With or Without Love (released as Una hora más en Canarias in Spain and Con amor y sin amor in Colombia) is a 2010 Spanish-Colombian screwball musical comedy film directed by David Serrano and written by Olga Iglesias and Serrano which stars Quim Gutiérrez, Angie Cepeda, Juana Acosta, and Miren Ibarguren.

== Plot ==
Married Claudia, dumped by lover Pablo for Elena, wants to win Pablo back, with help from sister Mónica, without factoring in the possibility of the latter also falling for Pablo.

== Production ==
The film is a Telespan 2000, Lazona, and Dynamo Spanish-Colombian co-production with the participation of TVE and Canal+. Shooting locations in Tenerife included Garachico, Icod de los Vinos, La Laguna, El Bollullo beach, the Tenerife South Airport, and Buenavista. Cepeda (from Cartagena) and Acosta (from Cali) agreed on both using a Bogotá accent to pass as sisters. It was released theatrically in Colombia on 5 August 2011 by UIP.

== Release ==
The film premiered at the 13th Málaga Film Festival on 23 April 2010. Distributed by Vértice Cine, it was released theatrically in Spain on 16 July 2010 in 275 screens, with a €262,800 opening weekend. It ended up grossing just over €0.8 million at the Spanish box office.

== Reception ==
Jonathan Holland of Variety deemed the "technically polished, fast-moving screwball musical laffer" to also be a "retrograde hit-and-miss fare with a reheated script, a truly appalling score and many failed gags".

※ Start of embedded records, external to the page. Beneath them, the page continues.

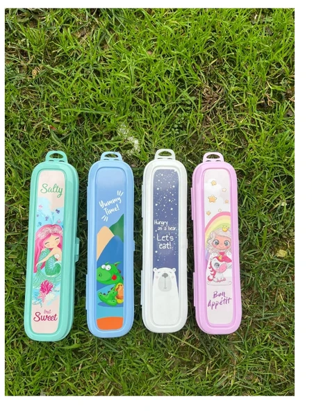 Meyve Suyu Bölmeli - Tabaklı Beslenme Kabı Diyet Kabı -Çatal Bıçak Kaşık Dahildir
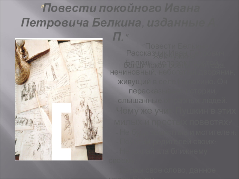 Чему же учит Пушкин в этих милых и простых повестях?
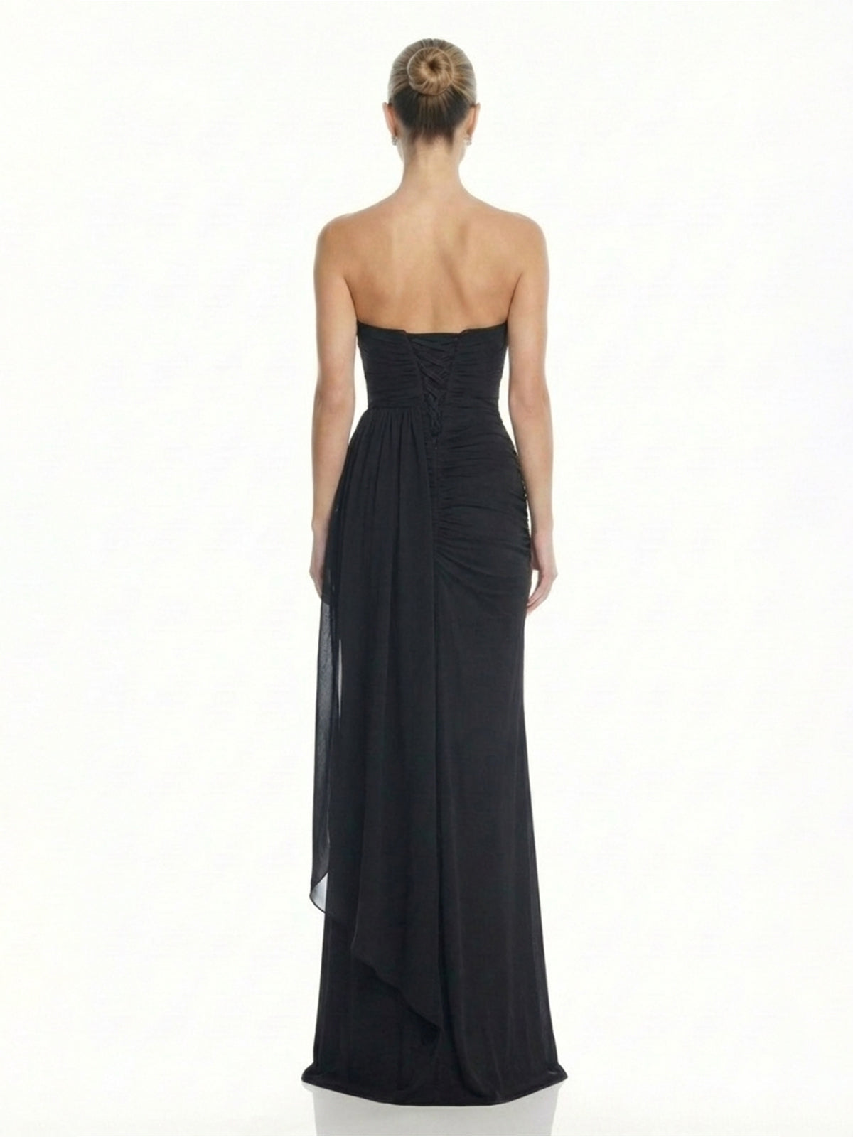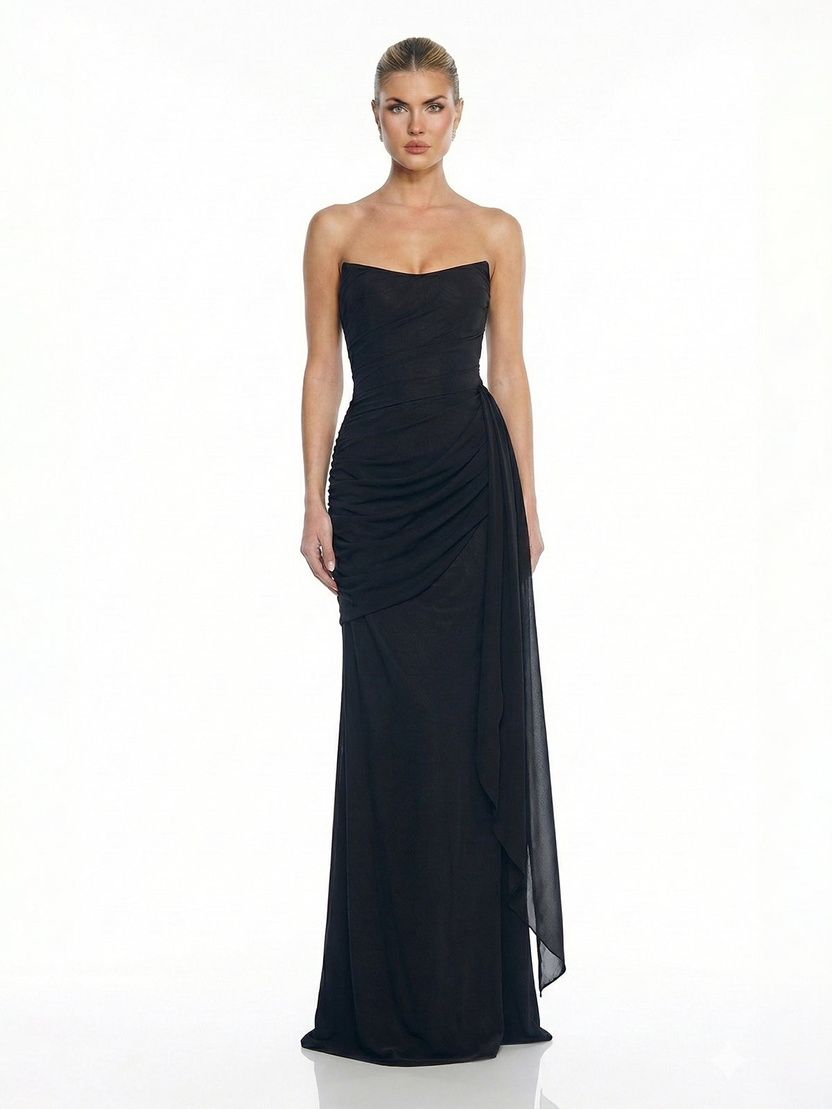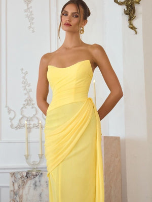 Effortless elegance is the vibe. This dreamy gown features a soft, matte finish that drapes beautifully against the body. The strapless bodice is artfully ruched to hug your curves, while the cascading side sash adds a touch of Greek goddess glamour. Finished with a subtle thigh-high slit for ease of movement, it’s the perfect choice for twirling on the dance floor at a wedding or prom.
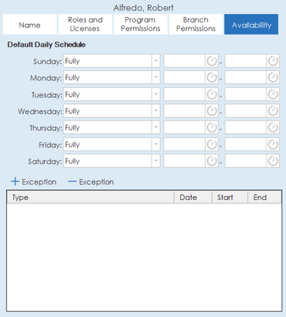 The availability section allows for a staff member to set up their daily availability schedule. For each day, the user can be set to fully available, available for specific hours or unavailable. Exceptions can be setup under the exception area if there is a particular day where the staff member may be available or not available when they usually are.
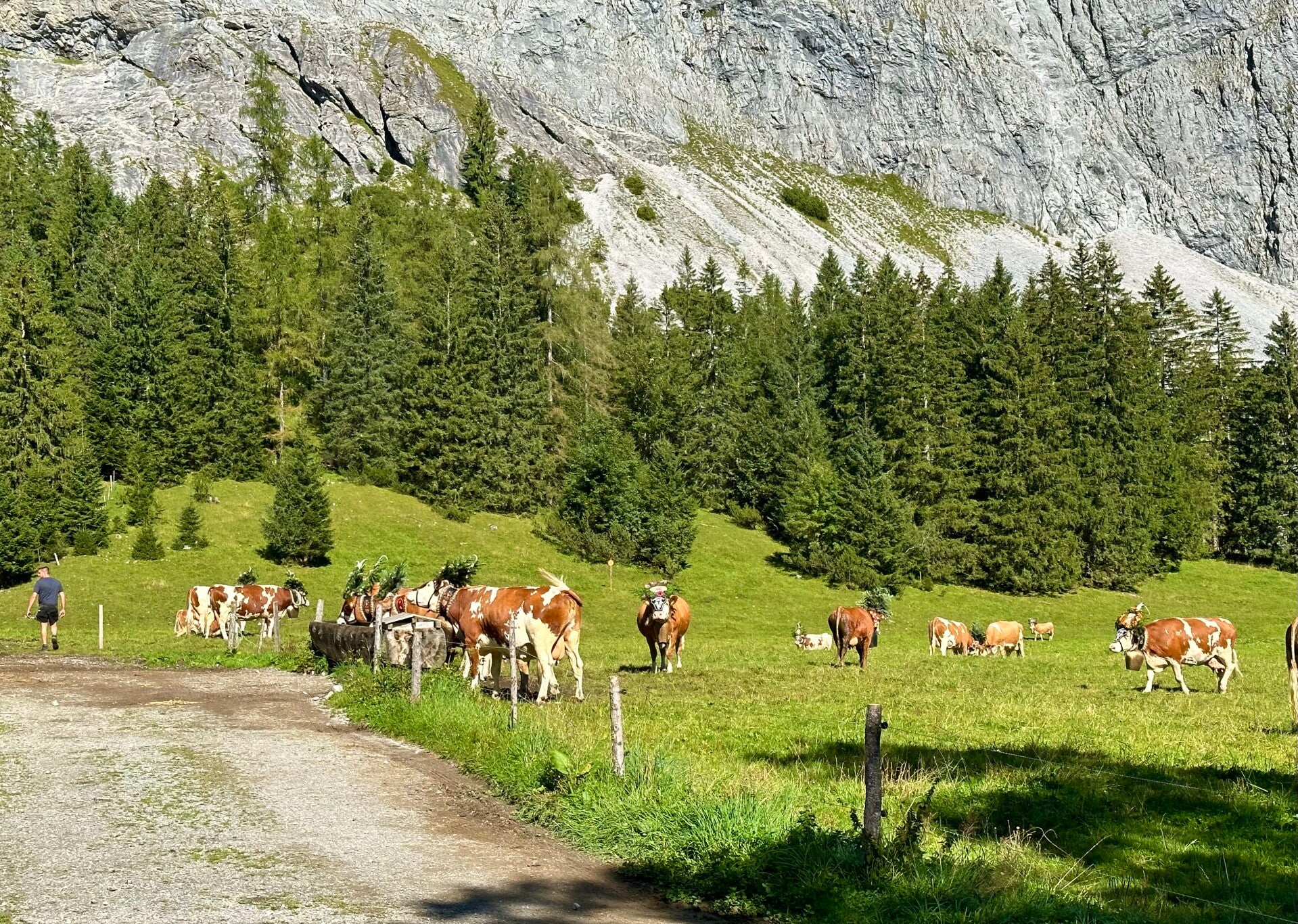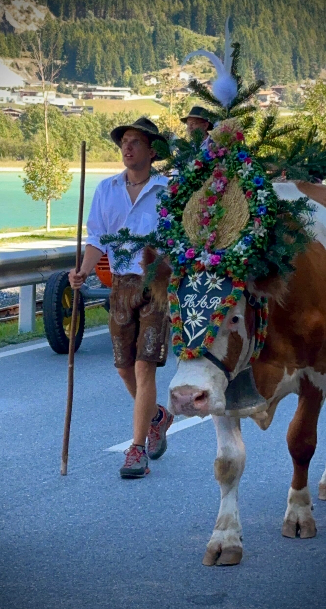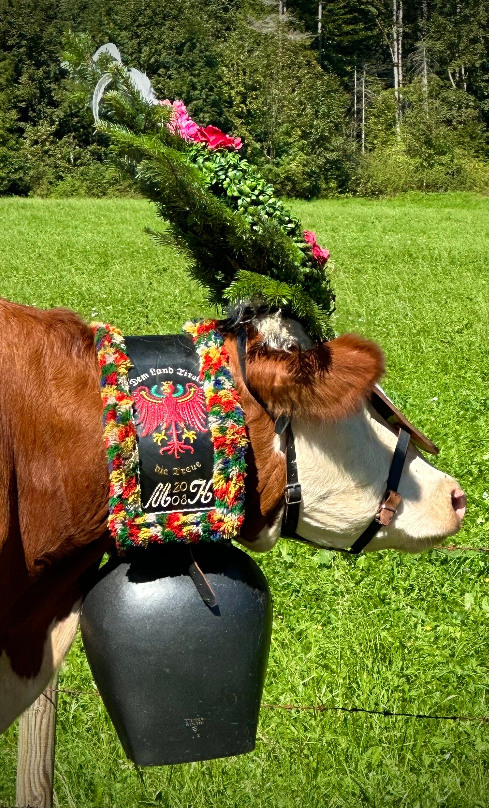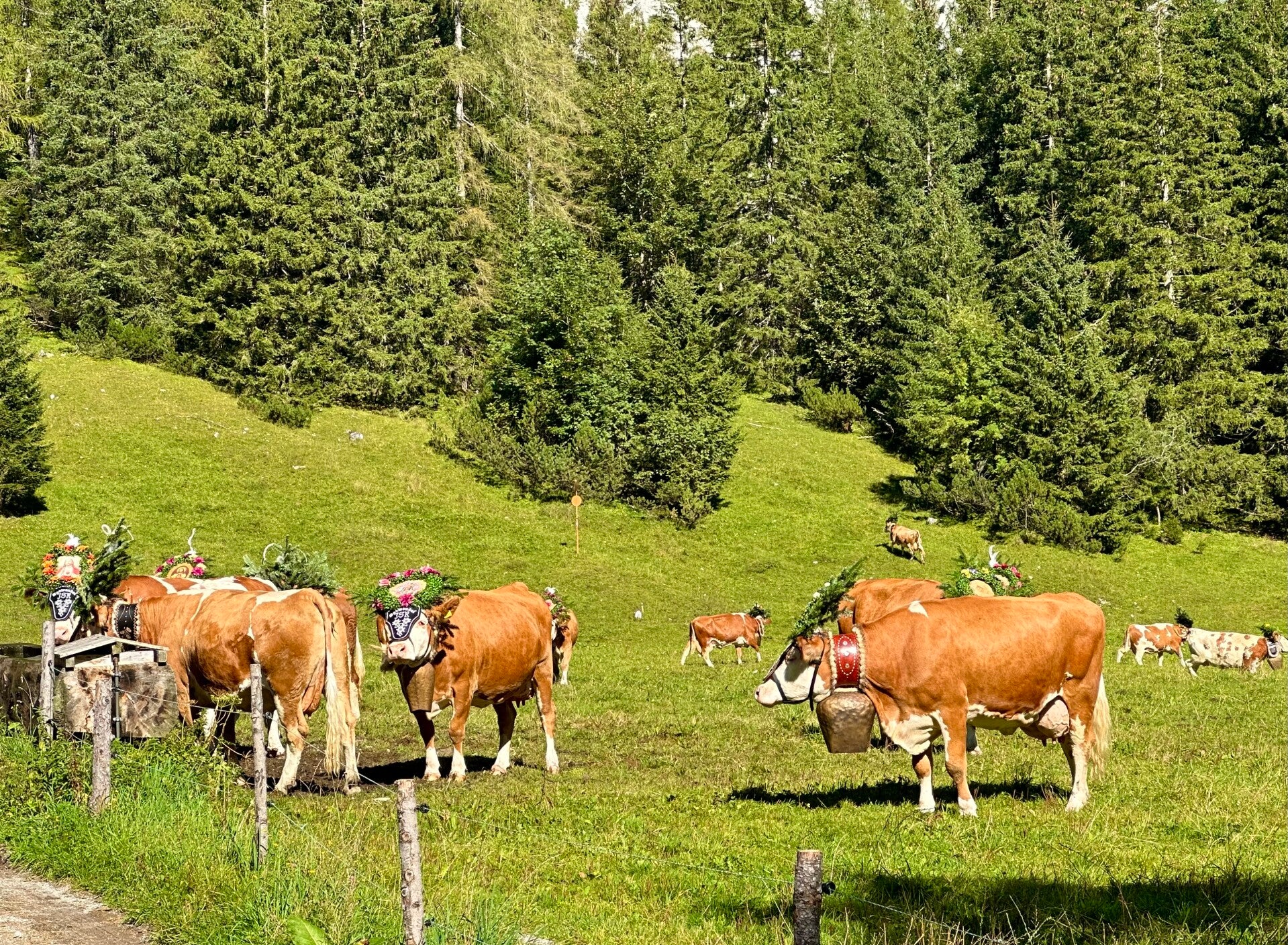 Hier fand ab 11 Uhr das sogenannte „Aufbüscheln“, das Vorbereiten der Kühe für den Almabtrieb, statt. Jede Kuh bekam ihre Glocke und den obligatorischen Kopfschmuck. Danach ging es erstmal auf die Koppel zum austoben, bevor der Marsch Richtung Pertisau begann.

Nando Salvà of El Periódico de Catalunya wrote that the film "fails to balance its aspirations as a romantic comedy with its pedestrian and trite attempts to emulate Howard Hawks' screwball comedies or with its orthopedic musical numbers".

Irene Crespo of Cinemanía rated the film 3 out of 5 stars, highlighting how Quim Gutiérrez reveals himself as the Hugh Grant of Spanish romantic comedy.